Characterized Diffusion and Spatial-Temporal Interaction Network for Trajectory Prediction in Autonomous Driving
Haicheng Liao, Xuelin Li, Yongkang Li, Hanlin Kong, Chengyue Wang, Bonan Wang, Yanchen Guan, KaHou Tam, Zhenning Li, Chengzhong Xu
TL;DR
The paper introduces CDSTraj, a generative trajectory prediction model for autonomous driving that jointly models uncertainty and agent interactions through a Characterized Diffusion Module and a Spatio-Temporal Interaction Network. By simulating uncertain future scenes with forward diffusion and denoising via a conditional context and a multi-modal decoder, the approach yields diverse, realistic future trajectories.
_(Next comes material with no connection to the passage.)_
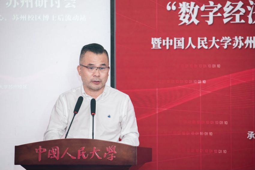 查颖冬在致辞中指出,数字经济是推动新质生产力发展的重要引擎,也是助力高质量发展的有力抓手。当前,苏州正扎实稳健推进中国式现代化苏州新实践。苏州拥有万亿级的电子信息产业,具备发展数字经济的良好基础和先发优势。近年来,苏州持续夯实数据底座,加快推动数字产业化,推进产业数字化转型,取得了显著成效。查颖冬表示,研讨会的举办和相关机构的成立,是校地双方深入践行新质生产力发展要求、推动双向奔赴的有力举措。苏州市将大力支持中国人民大学依托苏州的产业基础和实践样本持续深入开展研究,形成更多高质量研究成果,为谱写“强富美高”新苏州现代化建设新篇章提供重要理论支撑。
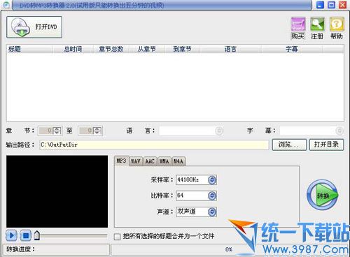 DVD转MP3转换器是一款功能强大的把DVD光盘输出音频的转换软件,它可以快速高质量地从DVD光盘中提取音频输出MP3,WMA,WAV,AAC,M4A等格式。它可以单独从DVD光盘中提取想要的精彩片段,也可以把多个片段合并输出一个文件。

The method achieves state-of-the-art results on NGSIM, HighD, and MoCAD across short and long horizons, supported by thorough ablations and qualitative analyses. This work advances AD planning by enabling more reliable predictions in heterogeneous, dynamic traffic contexts.
Abstract
Trajectory prediction is a cornerstone in autonomous driving (AD), playing a critical role in enabling vehicles to navigate safely and efficiently in dynamic environments. To address this task, this paper presents a novel trajectory prediction model tailored for accuracy in the face of heterogeneous and uncertain traffic scenarios. At the heart of this model lies the Characterized Diffusion Module, an innovative module designed to simulate traffic scenarios with inherent uncertainty. This module enriches the predictive process by infusing it with detailed semantic information, thereby enhancing trajectory prediction accuracy. Complementing this, our Spatio-Temporal (ST) Interaction Module captures the nuanced effects of traffic scenarios on vehicle dynamics across both spatial and temporal dimensions with remarkable effectiveness. Demonstrated through exhaustive evaluations, our model sets a new standard in trajectory prediction, achieving state-of-the-art (SOTA) results on the Next Generation Simulation (NGSIM), Highway Drone (HighD), and Macao Connected Autonomous Driving (MoCAD) datasets across both short and extended temporal spans. This performance underscores the model's unparalleled adaptability and efficacy in navigating complex traffic scenarios, including highways, urban streets, and intersections.